Everyone hopes that something like what happened in Boston will never occur in Orange County. But if it – or any other type of business disruption – does occur, the County’s BC planning efforts will help ensure we are ready to respond.

In Recognition
Steven Huang spacer Each quarter, the CIO recognizes an Information Technology employee or team that has made a significant contribution to their County Agency/Department by demonstrating one or more of the following attributes:
  • Excellent customer service
  • Exceptional level of commitment and dedication
  • Collaboration and teamwork
  • Effective and efficient stewardship of IT assets
  • Business process improvement and/or efficiency
  • Creative and innovative thinking

This quarter the CIO would like to recognize Steven Huang.
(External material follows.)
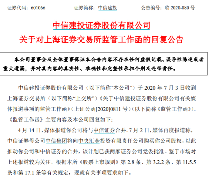 几乎同时,中信建投也就此事回复上交所,中央汇金称:针对函中征询事项,截至目前,我公司不存在涉及你公司应披露而未披露的重大信息。

Steve Huang is an IT Solution Architect who works to support multiple county systems. His technical ability to turn business requirements into innovative solutions is highly valued within County IT.

Steven has worked to support many critical County systems and most recently assisted the CEO Office of Information Technology in the technical design and implementation of the new CISCO Unified Computing System infrastructure. This system is a critical component of the County’s shared service offering to provide Agencies/Departments with a state-of-the-art virtual server solution.

Steven’s hard work ethic, reliability and can-do attitude make him a critical part of the County IT team. Thank you and congratulations Steven!
Did You Know?
County of Orange Recognized Nationally with “Best of the Web” Award
In January of this year, the County completed the re-design of our website. This collaborative effort by approximately 125 Agency/Department staff across the County, and our vendor, Civica, resulted in the receipt of a national “2013 Best of the Web Award” from the Center for Digital Government. The County received this award for the innovation, functionality, productivity, and performance displayed by its recently re-designed website,

“We are very proud to be ranked third nationally in the County Portal category,” said Mahesh Patel, Chief Information Officer. “Our new homepage features a fresh look, enhanced features, and streamlined navigation designed to improve visitor experience.”

For the past 15 years, the Best of the Web Awards program has honored outstanding official government websites, including those at the city, county, and state levels. “This year’s winners have demonstrated the ability to adapt to the changing technology landscape, while creating first-class public and business services,” said Todd Sander, Executive Director of the Center for Digital Government.